AMD uses TSMC’s SoIC 3D packaging technology to place the memory on top of the compute die with direct copper-to-copper bonding of the through silicon vias (TSVs) that connect the die, slashing the resistance of the interconnects. AMD said V-Cache works without the use of copper pads capped in solder called micro bumps, hiking power efficiency, interconnect density, and signaling routing, while limiting heat dissipation.

AMD said TSMC’s SoIC technology permanently bonds the interconnects in V-Cache to the CPU, closing the distance between the die, resulting in 2 TB/s of communications bandwidth. As a result, the interconnects in the Milan-X CPUs have up to three times the power efficiency by consuming one-third the energy-per-bit and 200 times more interconnect density than the 2D chiplet packaging used by its third-generation EPYC CPUs.

AMD has previously unveiled plans to use V-Cache technology in its Ryzen CPUs for the PC market.

While the V-Cache is physically further from the CPU than the L3 cache that runs through the middle of the compute tile like a spinal cord, AMD said the performance penalty is limited. The company said that it takes less latency to travel through the interconnects and into the stacked die than it takes to leave the CPU, travel through the I/O tile in the 2.5D package, access additional DRAM in the system, and then return to the CPU.

AMD said the 3D cache is a boon to a wide range of workloads in data centers, such as artificial intelligence, where it pays dividends to keep data as close to the processor as possible. But where Milan-X stands out is in computationally heavy workloads, such as modeling the structural integrity of a bridge, replicating the physics of an automotive test crash, and simulating air currents cascading around the wing of an airplane.

Another workload AMD is trying to address with Milan-X CPUs is semiconductor design, since the V-Cache guarantees “critical data” used in electronic design automation (EDA) is located closer to the CPU’s cores.

It is impossible for even the most skilled engineers to test every single detail in a final chip design by hand. Chip firms run thousands of simulations to verify the performance in chip designs before the final blueprints are manufactured. To save time, they run simulations at the same time on separate cores in the same CPU. But because the cores are all fighting over limited memory cache and bandwidth, performance takes a hit.

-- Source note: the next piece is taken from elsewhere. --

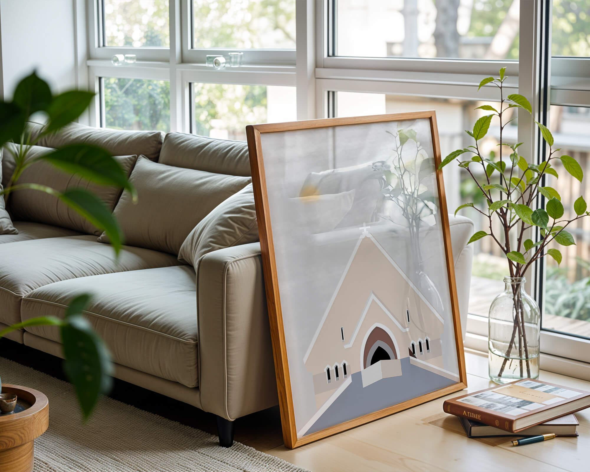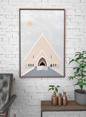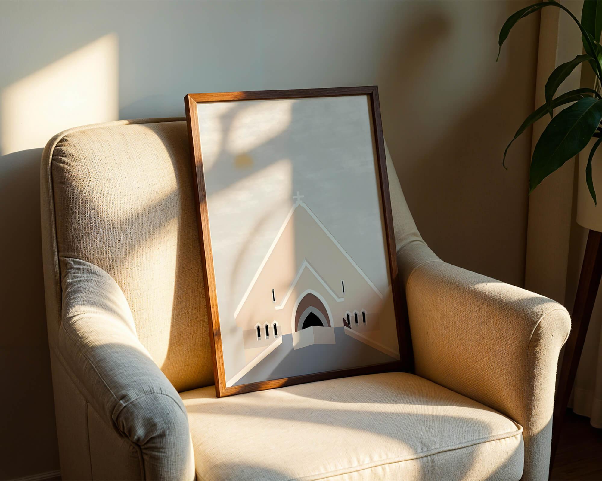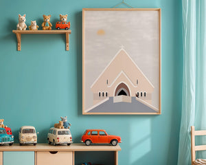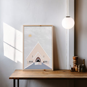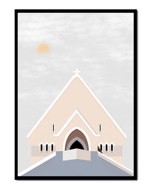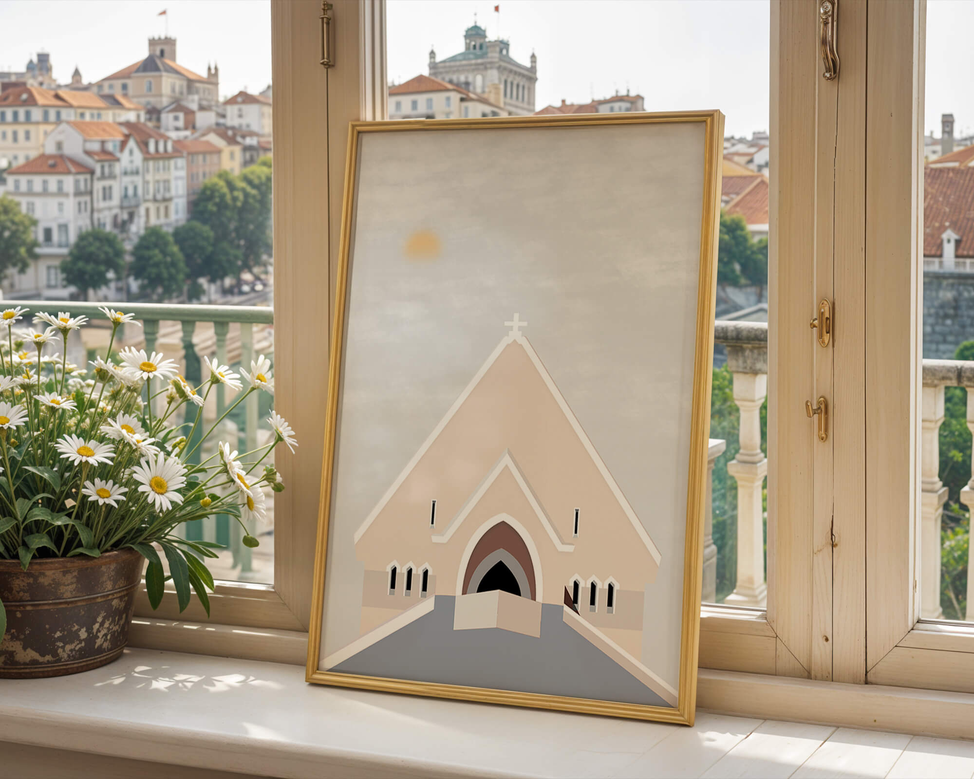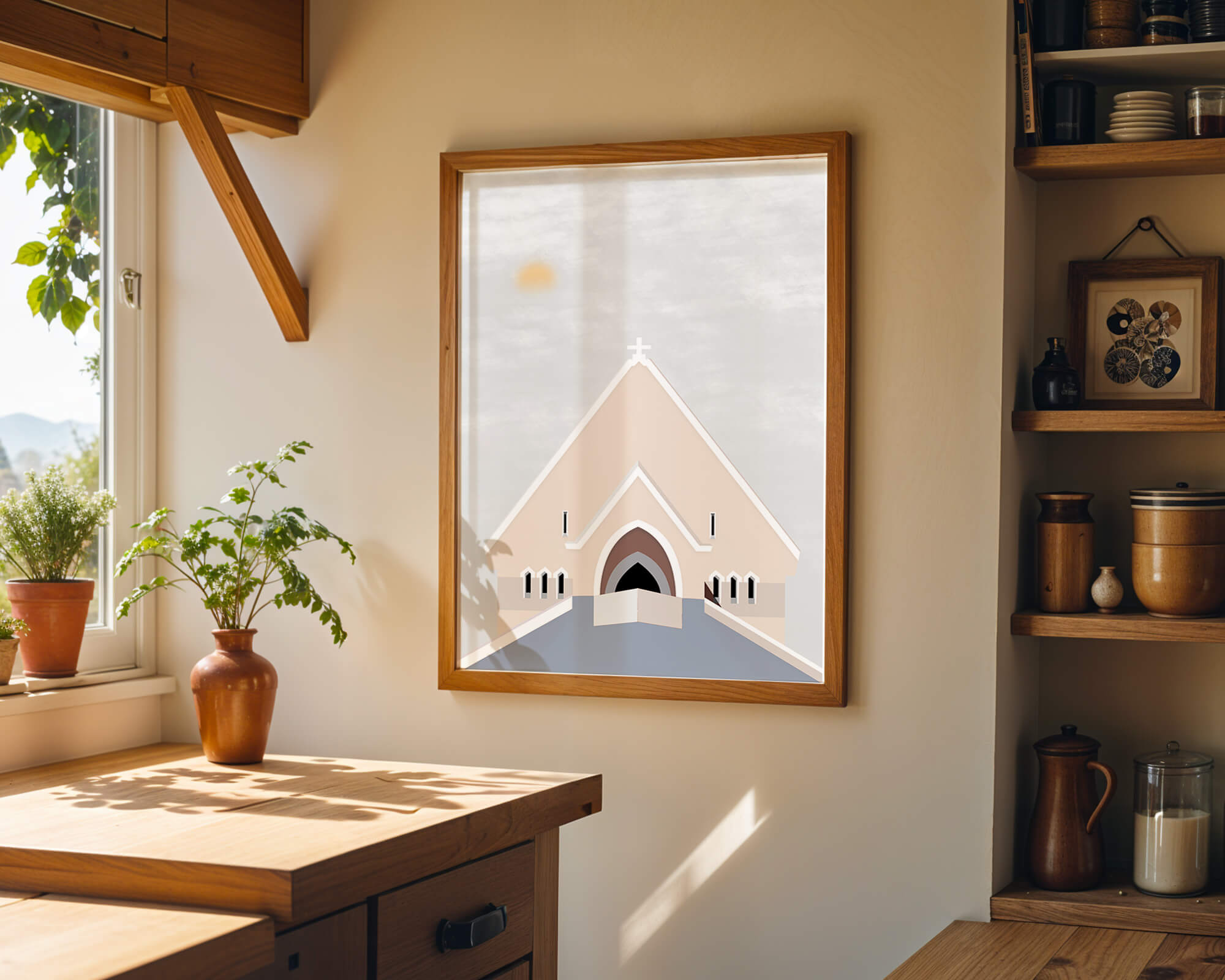 La représentation minimaliste de cette église met en évidence sa structure élégante et sa signification religieuse. Les couleurs pastel douces créent une atmosphère tranquille, évoquant paix et harmonie.

But using V-Cache to upgrade the amount of shared L3 cache means AMD’s Milan-X CPUs can keep even more information close to the CPU cores, reducing latency that can sap the performance of EDA workloads.

AMD said that a 16-core variant of Milan-X can do verification runs on semiconductor designs in Synopsys’s VCS tool around 66% faster than a third-generation, 16-core EPYC CPU without the new 3D V-Cache. Dan McNamara, senior vice president and general manager of AMD’s server business, said Milan-X makes it possible for chip firms to test designs faster or run more tests at the same time, reducing time-to-market.

Microsoft said cloud services based on Milan-X processors are also up to 50% faster for automobile crash test modeling and up to 80% higher performance for aerospace workloads versus rivals’ cloud services.

AMD said it has partnered with many of the major players in EDA and other system design tools, including Altair, Ansys, Cadence, Siemens, Synopsys, among others, to improve how their software runs on Milan-X.

Top manufacturers of data center gear plan to roll out servers with Milan-X inside, including HPE, Dell, Cisco, Supermicro, and Lenovo, among others. AMD said Milan-X chips will be available by the first quarter of 2022.